→ **Exercise directions**
Make an exact copy of all the data, pictures excluded.

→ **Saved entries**
*****
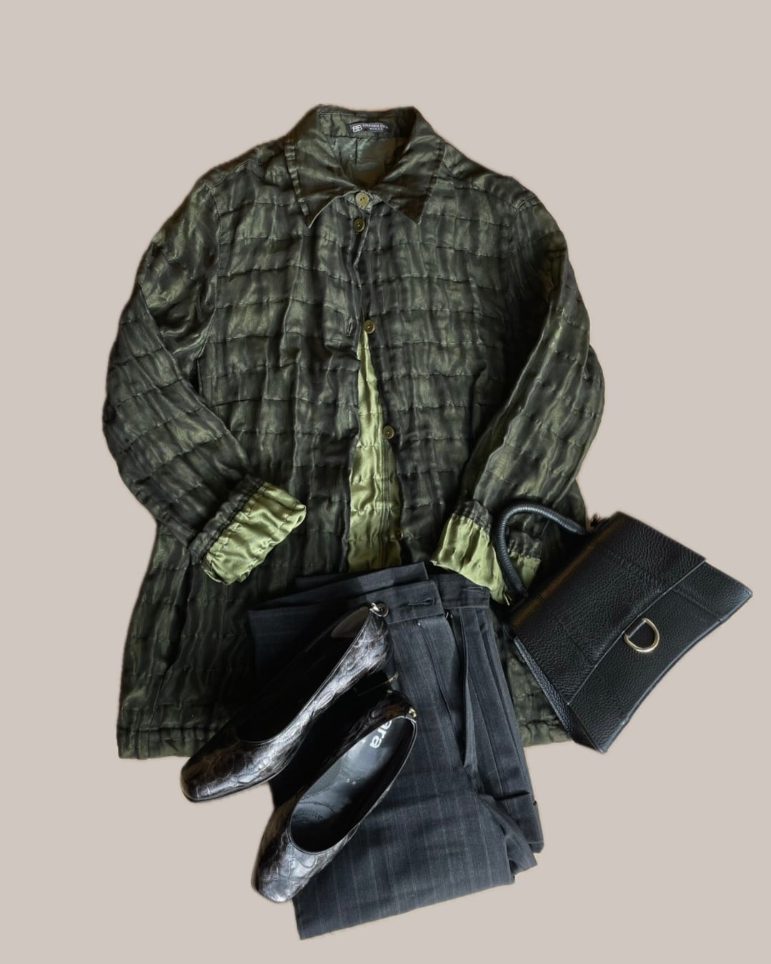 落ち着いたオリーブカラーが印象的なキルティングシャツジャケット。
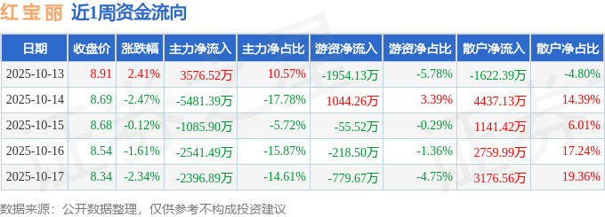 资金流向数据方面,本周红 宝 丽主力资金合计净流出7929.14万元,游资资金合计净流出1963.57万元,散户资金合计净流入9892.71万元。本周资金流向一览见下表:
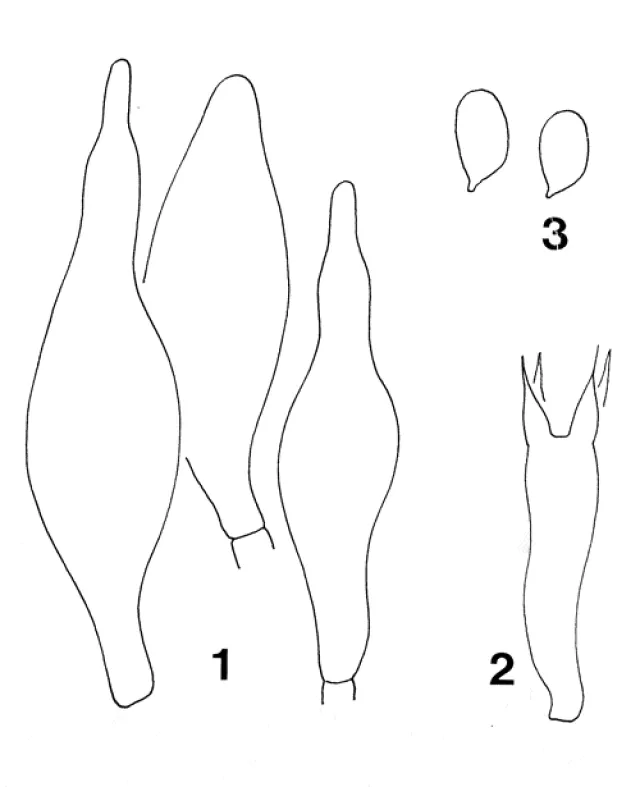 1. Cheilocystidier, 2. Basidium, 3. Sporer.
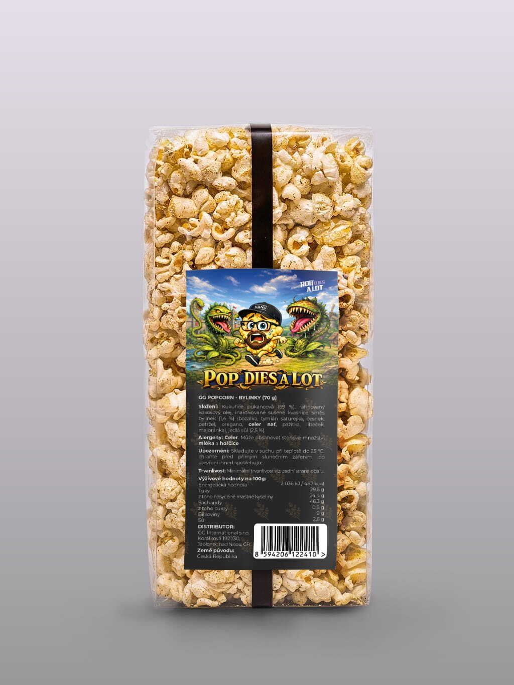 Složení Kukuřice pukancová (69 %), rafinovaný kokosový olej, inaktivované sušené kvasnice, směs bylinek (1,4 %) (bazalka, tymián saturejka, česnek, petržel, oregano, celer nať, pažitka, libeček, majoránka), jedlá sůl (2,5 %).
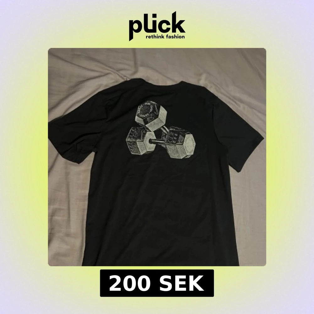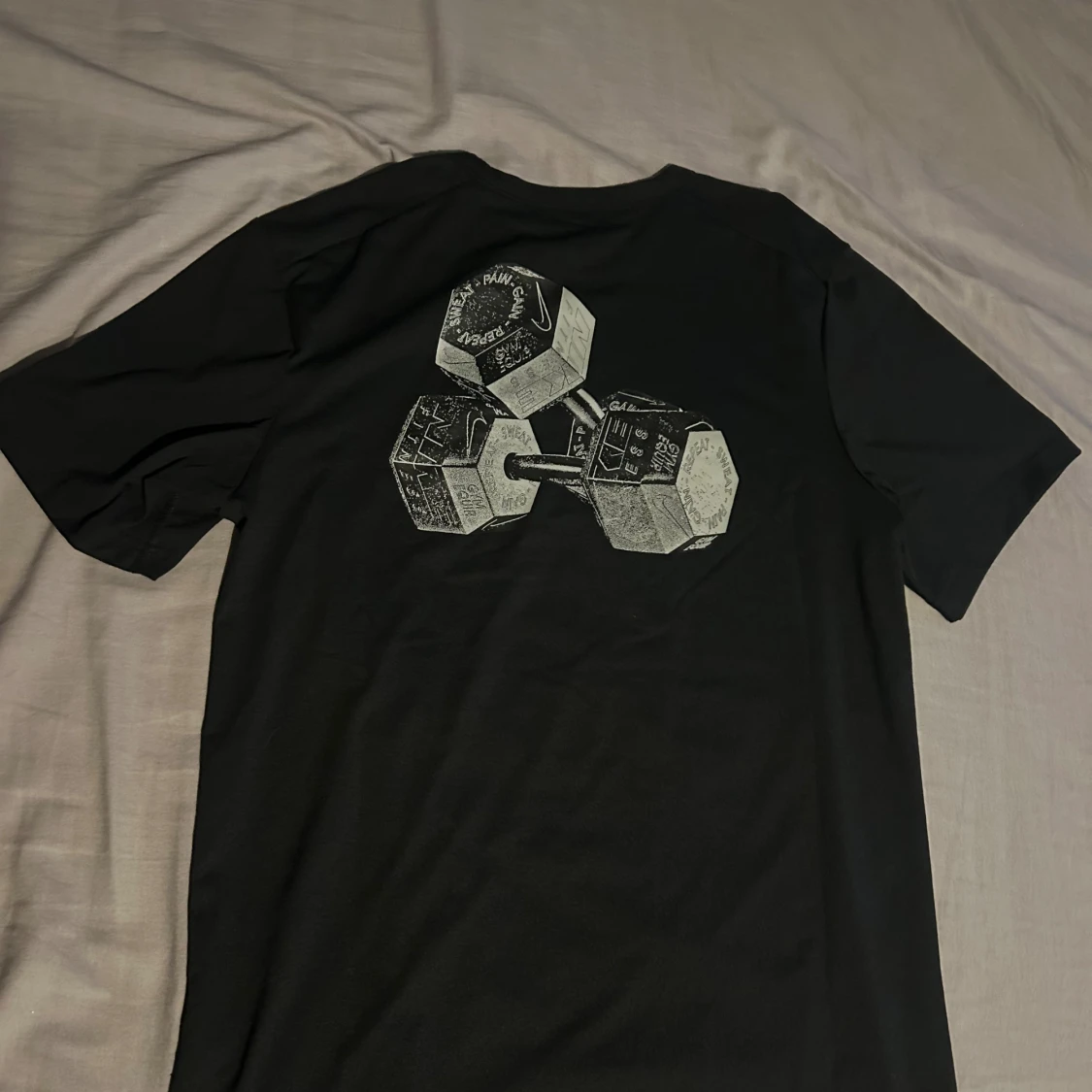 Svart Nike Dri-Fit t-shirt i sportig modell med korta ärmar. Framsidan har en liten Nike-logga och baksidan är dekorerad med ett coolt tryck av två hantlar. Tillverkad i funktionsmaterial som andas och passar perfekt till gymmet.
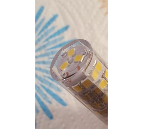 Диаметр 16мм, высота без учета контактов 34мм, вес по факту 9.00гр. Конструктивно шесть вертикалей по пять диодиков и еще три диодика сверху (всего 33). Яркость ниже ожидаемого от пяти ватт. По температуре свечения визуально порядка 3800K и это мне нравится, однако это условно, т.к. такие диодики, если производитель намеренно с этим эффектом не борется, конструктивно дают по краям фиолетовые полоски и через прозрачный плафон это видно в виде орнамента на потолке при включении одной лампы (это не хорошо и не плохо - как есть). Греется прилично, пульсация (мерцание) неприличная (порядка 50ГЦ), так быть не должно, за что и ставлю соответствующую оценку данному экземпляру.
*****
→ **Written response**
 落ち着いたオリーブカラーが印象的なキルティングシャツジャケット。
 资金流向数据方面,本周红 宝 丽主力资金合计净流出7929.14万元,游资资金合计净流出1963.57万元,散户资金合计净流入9892.71万元。本周资金流向一览见下表:
 1. Cheilocystidier, 2. Basidium, 3. Sporer.
 Složení Kukuřice pukancová (69 %), rafinovaný kokosový olej, inaktivované sušené kvasnice, směs bylinek (1,4 %) (bazalka, tymián saturejka, česnek, petržel, oregano, celer nať, pažitka, libeček, majoránka), jedlá sůl (2,5 %).
 Svart Nike Dri-Fit t-shirt i sportig modell med korta ärmar. Framsidan har en liten Nike-logga och baksidan är dekorerad med ett coolt tryck av två hantlar. Tillverkad i funktionsmaterial som andas och passar perfekt till gymmet.
 Диаметр 16мм, высота без учета контактов 34мм, вес по факту 9.00гр. Конструктивно шесть вертикалей по пять диодиков и еще три диодика сверху (всего 33). Яркость ниже ожидаемого от пяти ватт. По температуре свечения визуально порядка 3800K и это мне нравится, однако это условно, т.к. такие диодики, если производитель намеренно с этим эффектом не борется, конструктивно дают по краям фиолетовые полоски и через прозрачный плафон это видно в виде орнамента на потолке при включении одной лампы (это не хорошо и не плохо - как есть). Греется прилично, пульсация (мерцание) неприличная (порядка 50ГЦ), так быть не должно, за что и ставлю соответствующую оценку данному экземпляру.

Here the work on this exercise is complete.